Lionel Messi

Adiós a Messi

No era la magnífica singularidad de la raza ni, mucho menos, las teóricas cosmovisiones del idioma local, sino el dinero, poderoso caballero.

No vi jugar a Leonel Messi en el campo, pero sí a Mágico González, a la Quinta del Buitre junto a Hugo Sánchez y al Barcelona de Laudrup, Romario y Hristo Stoichkov. Impresionaban los blancos, con Martín Vázquez, Míchel y cía como una estampida de búfalos que dibujara coreografías para el Bolshoi; hechizaba aquel Dream Team armado por Cruyff, mezcla de billar humano y Brasil del 70, cuando Guardiola todavía no ejercía de sumo sacerdote de la alucinación separatista. Aunque éramos niños tampoco nos engañamos respecto al tegumento que mantenía a los héroes juntos. Sin dinero no había paraíso ni delanteros centro nacidos en Río. Por eso, y no por el frío del carajo, nuestro Real Valladolid no podría nunca competir con la Juventus, el Milán o el Bayern. La necesaria pedagogía del dinero pareció desmoronarse con Guardiola en el papel de ideológico del pequeño país, mientras las copas de Europa acumuladas por Messi hacían soñar con una secesión tan dulce como un gol por la escuadra en Wembley.

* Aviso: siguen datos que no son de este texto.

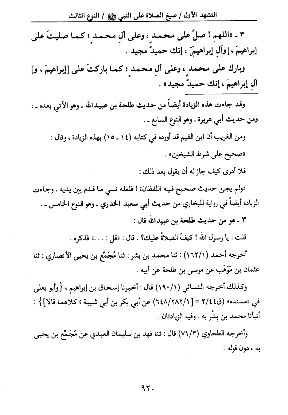 3- " اللهم! صلِّ على محمدٍ، وعلى آلِ محمدٍ؛ كما صليتَ على
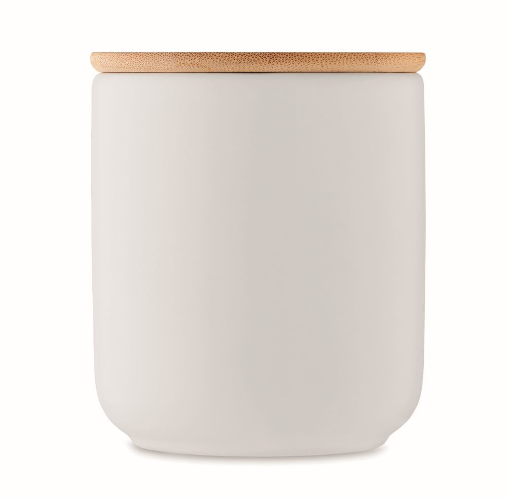 Fresh linen fragranced plant based wax candle in stoneware jar holder with bamboo lid. 200 gr. Burn time: 36 hours. Bamboo is a natural product, there may be slight variations in colour and size per item, which can affect the final decoration outcome.
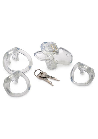 The secure locking mechanism secures this cage without pesky locks getting in the way! The Clear Captor includes two keys, one for you and the other for your sub in case of emergencies.
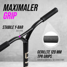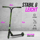 COOL, ABER MIT SICHERHEIT: Mit dem angesagten Design ist der Scooter ein absoluter Blickfang! Die rutschfeste Trittfläche und die geriffelten TPR Grips des Stuntscooters sorgen für die nötige Sicherheit.
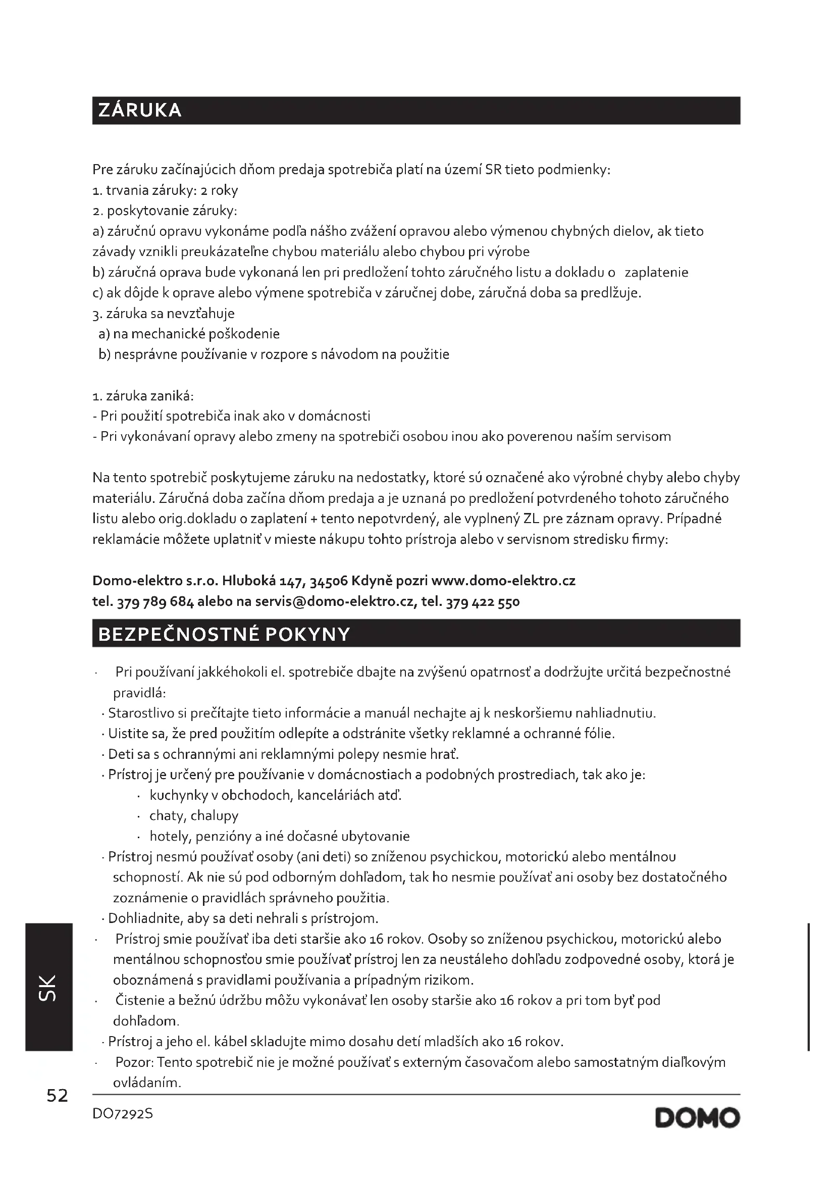 NÁVOD NA OBSLUHU DO7292S DOMO
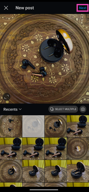 Vaihe 2:PysyäPostitusvälilehtija valitse kuva puhelimen galleriasta tai ota kuva etsimellä. OsumaSeuraava.
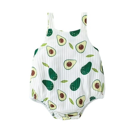 EHTMSAK Newborn Infant Baby Toddler Girl Boy Cotton Sleeveless Fruit Print Bodysuit White 0-18M 6
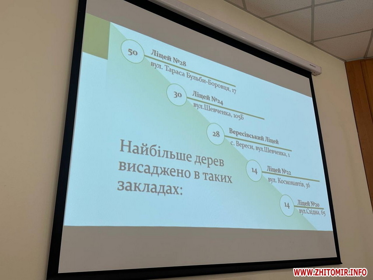 «Найбільше дерев висаджено в таких закладах: ліцей № 28 міста Житомира імені гетьмана Івана Виговського (50), ліцей №24 міста Житомира (30), Вересівський ліцей Житомирської міської ради (28), ліцей №22 міста Житомира імені Василя Михайловича Кавуна (14), ліцей №20 міста Житомира (14).Висаджено дерева таких порід: катальпи, туї, ялини, верби, берези, сакури, сумах, горобини, клени, калини, фруктові дерева, сосни, модрини, дерен на штамбі, горіхи, липи», - йдеться в проєкті рішення.
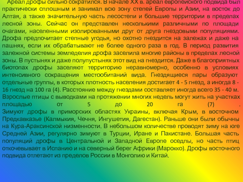 а местами и полное исчезновение пригодных биотопов. Сплошная распашка степей, на месте которых возникли огромные массивы полей, и интенсивный выпас скота на немногих сохранившихся пастбищах лишили дроф угодий, пригодных для гнездования. Возникновение густой сети автомобильных дорог с оживленным движением транспорта усилило фактор беспокойства. Многократная обработка полей, при которой вспугивают с гнезд насиживающих самок, вызывает гибель кладок, которые расклевывают следующие за трактором грачи, под машинами часто гибнут птенцы. Применение пестицидов не только вызывает иногда отравление птиц, но и лишает их животных кормов (насекомых). Названные причины снижают численность дроф и приводят к сокращению их ареала.
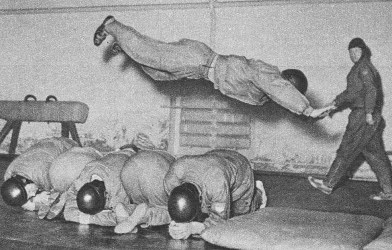 Die ersten 14 Tage waren ausschließlich für die Bodenausbildung an den Geräten vorgesehen. Nach dieser Zeit folgten die Vorbereitungen für die Ausbildung am Turm. Nach einer Schlechtwetterperiode konnte dann der Sprungbetrieb beginnen. Für die meisten war es das erste Mal. Mit großer Sorgfalt wurde von allen Lehrgangsteilnehmern der Sprungturm zum Sprungdienst vorbereitet. Die Kameraden, die zur Sprunggruppe eingeteilt wurden, legten sich gegenseitig das Gurtzeug an. Es folgten die Eintragungen in das Hauptsprungbuch. Nachdem alle Maßnahmen getroffen waren, die zu dem Sprungdienst gehörten, erfolgte die Ersteigung des Turmes. Vom Ausbilder wurden letztmalig Hinweise über das Verhalten während des „freien Falles“ und während des Schwebens gegeben. Auf das Kommando „Sprung“ stießen sich die Sportler vom Podest ab. Nach dem Sprung löste sich die Spannung der Fallschirmspringer und machte der Begeisterung Platz.
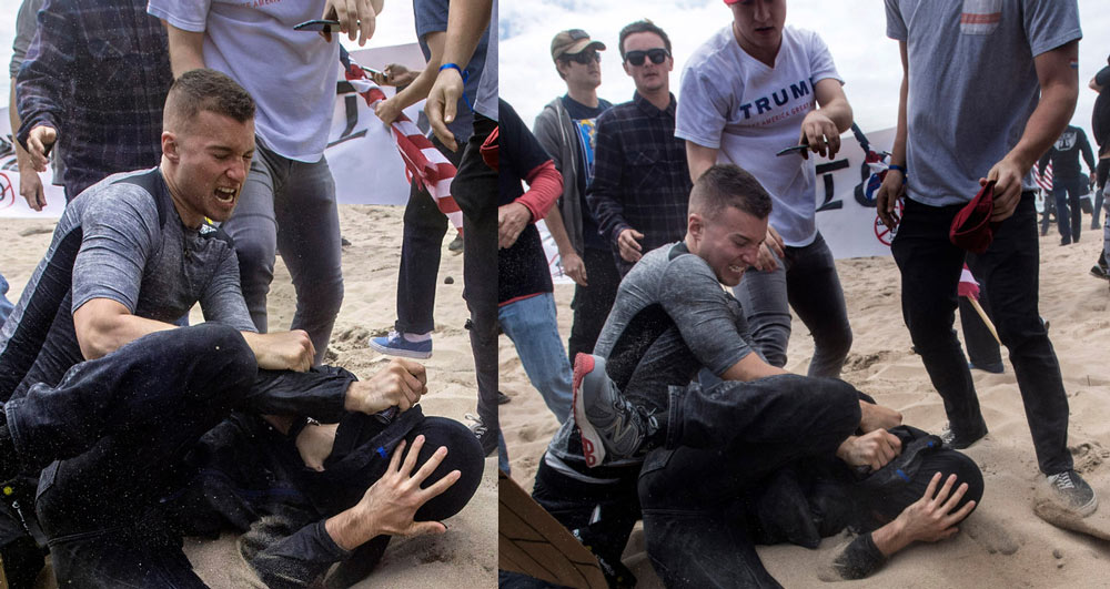 Robert Rundo bei einem Angriff auf Gegendemonstrant*innen in Huntington Beach (Bild: )
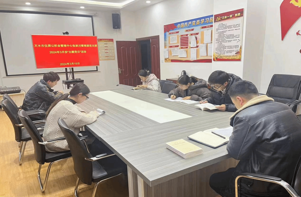 按照中心党总支要求,3月15日下午,天水市住房公积金管理中心张家川管理部召开3月份“主题党日”活动,会议由党支部书记沙文文主持,管理部全体职工及银行驻大厅客户经理参加会议。
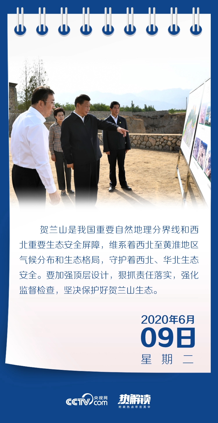 此次寧夏行,習近平總書記在賀蘭山東麓的葡萄種植園遠眺,再次強調:“要加強頂層設計,狠抓責任落實,強化監督檢查,堅決保護好賀蘭山生態。”
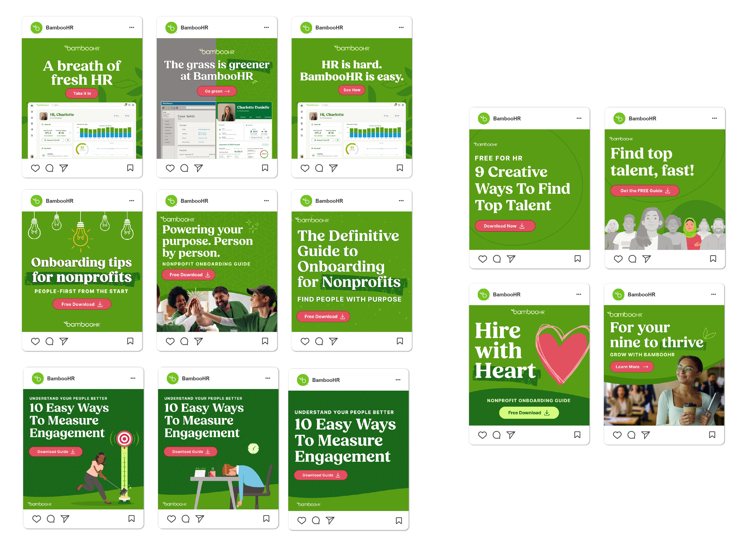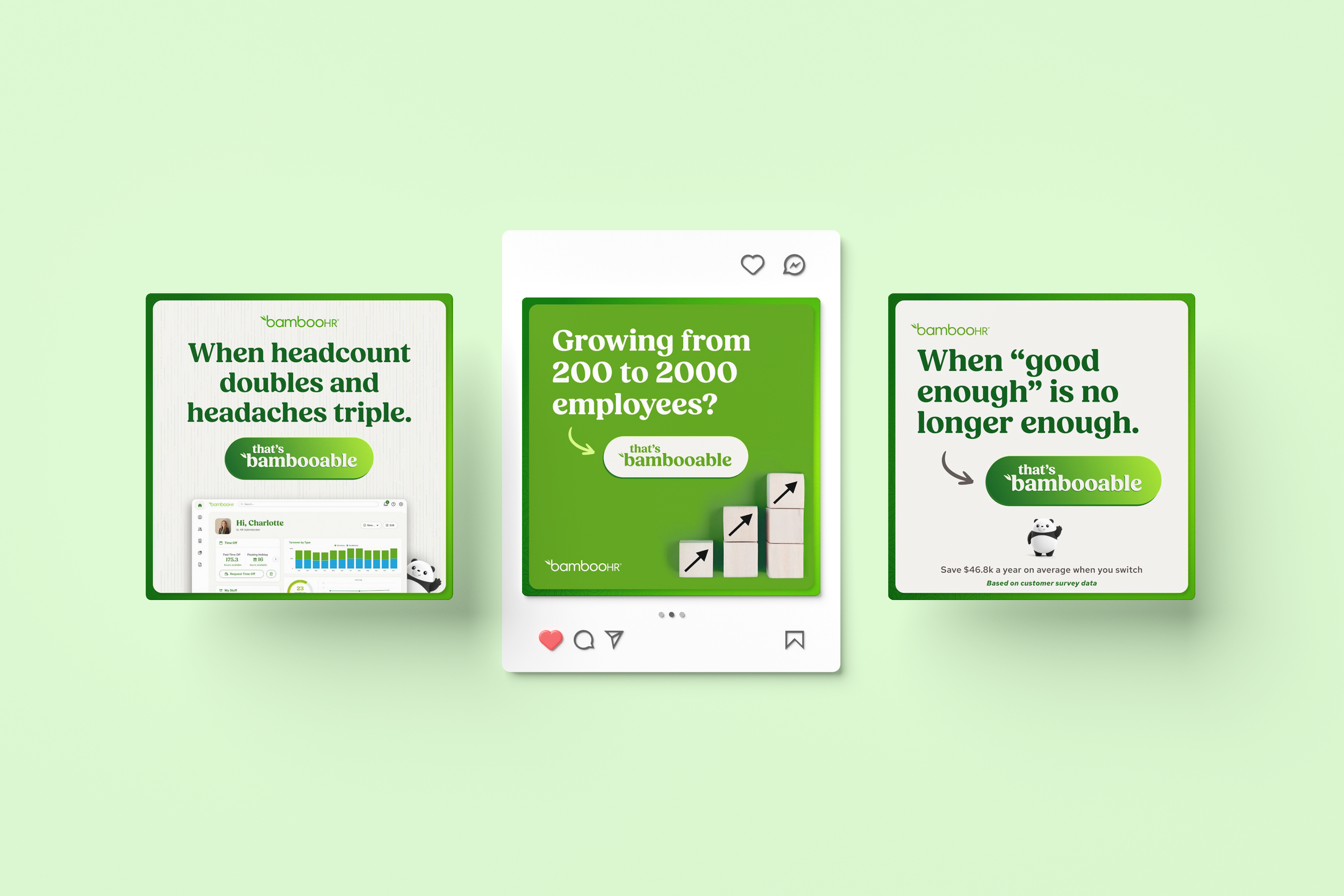 “That’s Bambooable,” is BambooHR’s first campaign under our new creative platform. The work centered on communicating a clear promise: powerful enough to solve real HR problems, yet easy to use—while elevating the brand and building a repeatable system that could flex across scenarios. As lead designer, I was responsible for early exploration and ideation—finding an elevated look and repeatable structure—then carrying the concept through to polished, production-ready OOH and paid media creative, establishing a consistent visual language for future campaigns.

No debe de extrañar que los nacionalistas, presos de una ensoñación sin destetar, un espejismo entre narcisista y freudiano, creyeran en la existencia de un hilo que iba desde la zurda asombrosa del rosarino, el mejor jugador que hubo y habrá, a la construcción nacional del pequeño país con vocación de paraíso fiscal y expoliador de recursos ajenos. Messi sería el Redentor, el zahorí y el guía. Pastor y comandante rumbo a la Tierra Prometida. Guiaría a su pueblo con la misma desfachatez que recibíamos lecciones de deontología democrática y catequesis humanista por boca de cantautores provenientes de falange y los Cruzados de Cristo Rey, como el redomado falsario de Luis Llach, especialista hoy como ayer de situarse en el bando soleado de la historia, siempre junto a los patrones del cortijo. Hasta que la salida de Messi devolvió el relato a sus justos términos, desposeído de cursilería retórica frente al único combustible que propiciaba retener al genio, y que no era la magnífica singularidad de la raza ni, mucho menos, las teóricas cosmovisiones del idioma local, sino el dinero, poderoso caballero.